2. Appoint A Registered Agent
Business enterprises must appoint a registered agent or statutory agent in every state. A person or firm designated as your company's registered agent will send and receive legal documents on your behalf for things like court filings, official notices, lawsuits, and more.
Failure to comply with these things could result in losing PLLC status for your company, so be very diligent when choosing a registered agent.
3. Obtain PLLC Company License
The professional license, which the state licensing board for your profession will issue, is the most crucial license for PLLCs. Each member of the PLLC must hold a valid license to practice the profession of said company.
You may need to apply for extra company licenses or zoning permission however, this varies by state. So, check your states licensing requirements to make sure you have everything you need before moving on to the next step.
4. File Articles Of Incorporation
You must file your company’s articles of incorporation with the secretary of state, which can be done online for quick processing. PLLCs may utilize a somewhat different form for their articles of formation than standard LLCs do. The articles will be reviewed and approved by the licensing body for your profession, which will result in the state formally authorizing them. A copy will be given to you to keep with other company records.

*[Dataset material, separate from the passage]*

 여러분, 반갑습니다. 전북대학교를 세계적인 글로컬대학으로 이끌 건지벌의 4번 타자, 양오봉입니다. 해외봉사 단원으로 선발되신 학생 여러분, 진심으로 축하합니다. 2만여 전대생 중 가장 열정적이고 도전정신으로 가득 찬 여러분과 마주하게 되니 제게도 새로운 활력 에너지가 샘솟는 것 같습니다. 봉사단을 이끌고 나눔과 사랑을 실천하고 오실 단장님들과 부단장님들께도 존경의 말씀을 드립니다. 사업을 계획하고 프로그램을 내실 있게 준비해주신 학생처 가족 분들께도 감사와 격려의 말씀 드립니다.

5. Create An Operational Contract
In a few states, LLCs and PLLCs are required to create an operating agreement. Even though it's not necessary in your state, it's a good idea to have one, particularly if your PLLC has numerous owners.

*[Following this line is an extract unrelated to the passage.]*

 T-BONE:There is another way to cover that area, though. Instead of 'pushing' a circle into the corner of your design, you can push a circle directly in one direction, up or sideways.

The operating agreement serves as a guide for your PLLC's daily activities and lists each owner's contributions to the company and portion of profits. It ensures that everyone within the organization is aware of their responsibilities and the standards they are to be held to.
6. Pay PLLC Taxes And Submit Yearly Report
PLLCs are pass-through entities for federal and state tax purposes, just like regular LLCs. As a result, each owner will be responsible for paying personal income taxes on their respective portions of the company's profits. Federal income taxes won't be paid by the LLC itself.
The LLC also has the option of choosing to be taxed as a corporation or to pay corporate taxes on its earnings. Depending on the company's earnings, several states impose an annual franchise tax or gross receipts tax on PLLCs. For PLLCs with employees, payroll tax requirements exist as well. Lastly, a few jurisdictions demand that PLLCs submit an annual report each year with their current address and registered agent information.
7. Comply With Any Additional PLLC State And Federal Regulations
Additional state and federal requirements may apply to PLLCs. For instance, PLLCs that are taxed as companies, have numerous owners, or have employees that must apply for an employer identification number (EIN).
Every state, with the exception of Texas, mandates that companies with employees must purchase workers compensation insurance. PLLCs with workers must also pay federal payroll taxes and withhold taxes from employee wages.
It's crucial to treat the company as a separate legal entity after forming a PLLC in order to maintain restricted responsibility for the proprietors. This entails opening a distinct business bank account, obtaining a credit card just for business use, and keeping track of business funds independently of any owners' personal money.
The fact that a PLLC separates the individual from the entity is one of the main justifications for forming one. If a PLLC is established, the person will often not be held personally responsible for the debts of the company, or any legal actions taken against the company.
A PLLC will not always shield you from harm. Even if you form a PLLC, it is a good idea to have malpractice insurance.